Agustín Echalar Ascarrunz

Nuestros muertos

domingo, 7 de noviembre de 2021 · 05:12

Este año, el mes de recordatorio a nuestros muertos ha tenido un significado más profundo, en parte porque estamos viviendo, tal vez, el principio del fin de la pandemia, o por lo menos una tregua bastante larga. Es posible que la cuarta ola no cause tantas muertes como las anteriores, porque buena parte de las personas más vulnerables ya han recibido dos o tres dosis de vacuna, y eso no sólo que implica una mayor seguridad, sino que también da la sensación de la misma.

Es por eso que la vida ha empezado a normalizarse, los teatros se están abriendo, están empezando a estrenarse películas en salas y hasta se han dado espectáculos de mayor envergadura.

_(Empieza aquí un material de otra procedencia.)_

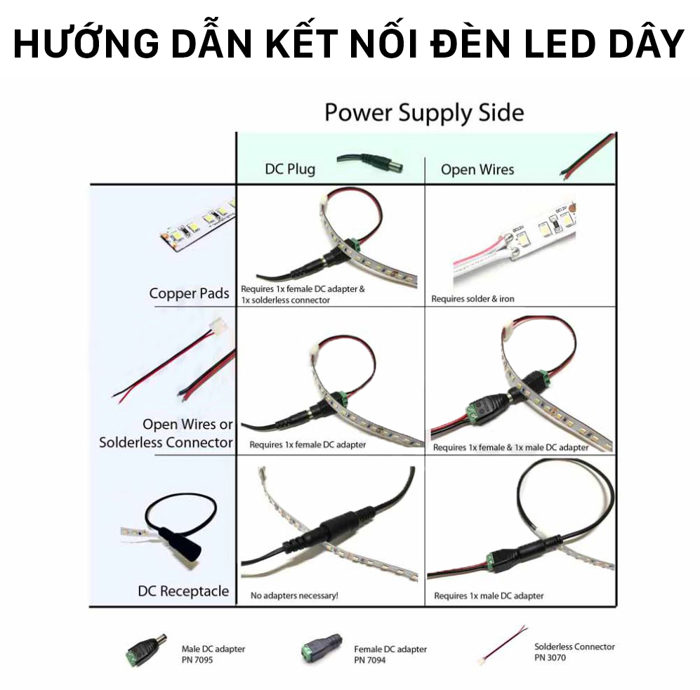 Mỗi đoạn LED dây cần kết nối với nguồn điện một chiều hoặc một đoạn LED khác được kết nối với nguồn điện một chiều. Phương thức kết nối sẽ phụ thuộc vào loại dây hoặc phích cắm được cung cấp cùng với đèn LED. Nếu bạn có thể tự hàn các mối nối trên đèn sẽ hiệu quả hơn về mặt thẩm mỹ cũng như chi phí.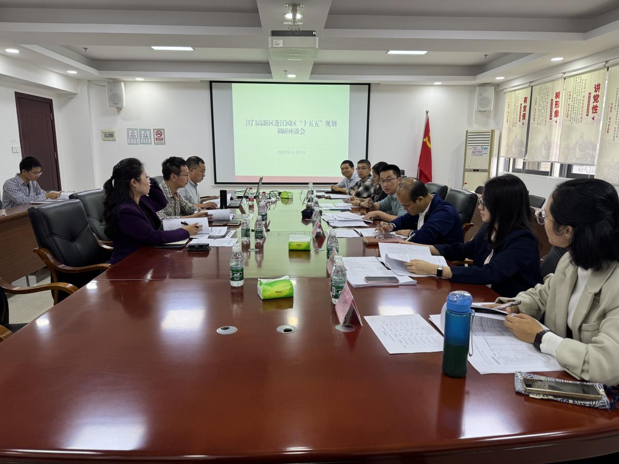 11月7日上午,调研组抵达蓬江区,与蓬江区发改局、科技局、经促局相关负责人围绕蓬江片区在“十五五”规划中的目标定位与重点任务进行深入研讨。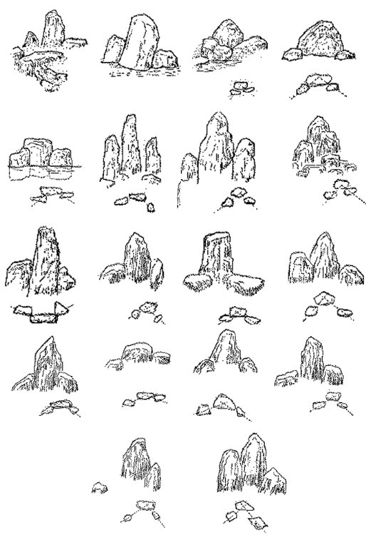 Wesentliche Gestaltungselemente sind Größe, Form, Position und Farbe der Steine sowie die Abstimmung ihrer Umgebung auf die Gruppe resp. die Einbettung derselben ins Gesamtbild.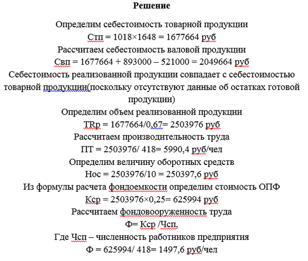 В расчетном периоде предприятие имеет следующие показатели: расходы на незавершенное производство на начало года составляют 521 тыс. руб., на конец – 893 тыс. руб., годовой объем производства товара А – (1000 + N) шт., коэффициент оборачиваемости оборотных средств – 10, фондоемкость ОПФ – 0,25.Численность работников предприятия – (400 + N) чел., затраты на один рубль реализованной продукции составили 0,67 руб., полная себестоимость товара А – (1630 + N) руб./шт. Рассчитать себестоимость товарной и валовой продукции, производительность труда, величину оборотных

El viernes de la penúltima semana de octubre, tuvo lugar un hermoso y conmovedor concierto de la Orquesta Sinfónica Nacional, patrocinado por la Embajada Alemana, en memoria de quienes se fueron y ese mismo día, a menos de un km de distancia, tuvo también lugar un gran espectáculo patrocinado por la Fundación del Banco Central, una celebración del poder y la fiesta, más allá de la diferencia de enfoque en este paso a despedir la pandemia. Lo interesante es que nuestra (no tan pequeña) ciudad tenga espacio suficiente para atender a dos tipos de expresiones culturales que conmueven a su manera  a los colectivos de los que está conformada nuestra colectividad.

El domingo 31, buena parte de los paceños, en especial los niños y jóvenes, se han lanzado a las calles con trajes un tanto horrorosos, reproduciendo una tradición que, aunque antiquísima, viene ahora del mundo cosmopolita anglosajón y es parte de la galopante globalización en la que vivimos. No debería molestar a nadie y no viene a reemplazar una celebración y una ritualidad que tiene una significación muy distinta.

El día de difuntos tiene la gran particularidad de acercar a las nuevas generaciones a la memoria de las viejas generaciones de los antepasados, de los parientes y amigos que ya no están. Es la festividad en la que verdaderamente se hace honor a las raíces propias. Las mesas andinas, o mexicanas, donde se preparan los manjares que gustaban  los difuntos, no responden necesariamente  a la un poco tétrica idea de que las almas de los seres queridos retornan y quieren esos manjares, sino, ante todo, es una manera de recordarlos.

Hay formas y formas de recordar a nuestros muertos, con música, con manjares, con una vela, visitando el cementerio y arreglando el túmulo, desempolvando sus fotografías. Todas  son válidas. Ninguna es mucho mejor que otra, aunque a unos una manera pueda parecer más sublime que las demás. Lo importante es recordar.

El presidente Daza, quien murió con muy mala fama y que no ha podido reivindicarse hasta ahora, mando hacer un pequeño recordatorio para sus padres, es un ángel, sobre un pedestal. En éste están escritos los nombres de ambos y una frase que conmueve: “La muerte no es nada, el olvido lo es todo”. Pese a los datos históricos, vez que he pasado por esa pequeña estatua en el cementerio de Sucre, no he podido dejar de sentir un poco de simpatía por el desdichado presidente.

La celebración de los difuntos en esta parte del mundo es el summum del sincretismo entre lo cristiano y lo prehispánico, no por casualidad; la curia española sabía lo que estaba haciendo al momento de la cristianización. Es difícil, cuando no imposible, hoy en día, separar lo cristiano de lo andino en esos rituales.

La transculturación, o la aculturación, es parte del devenir humano y es algo contra lo que no se puede luchar, mucho más en estos tiempos de tanta facilidad de comunicación. No está dicha la última palabra respecto a un “jalouin” local, con comparsas, disfraces y bandas, que surgirá a partir de esta fiesta gringa de la calabaza. Pero, reitero, más allá de eso, lo que cuenta es la memoria.  Al no olvidar a nuestros ancestros, no olvidamos lo que verdaderamente somos.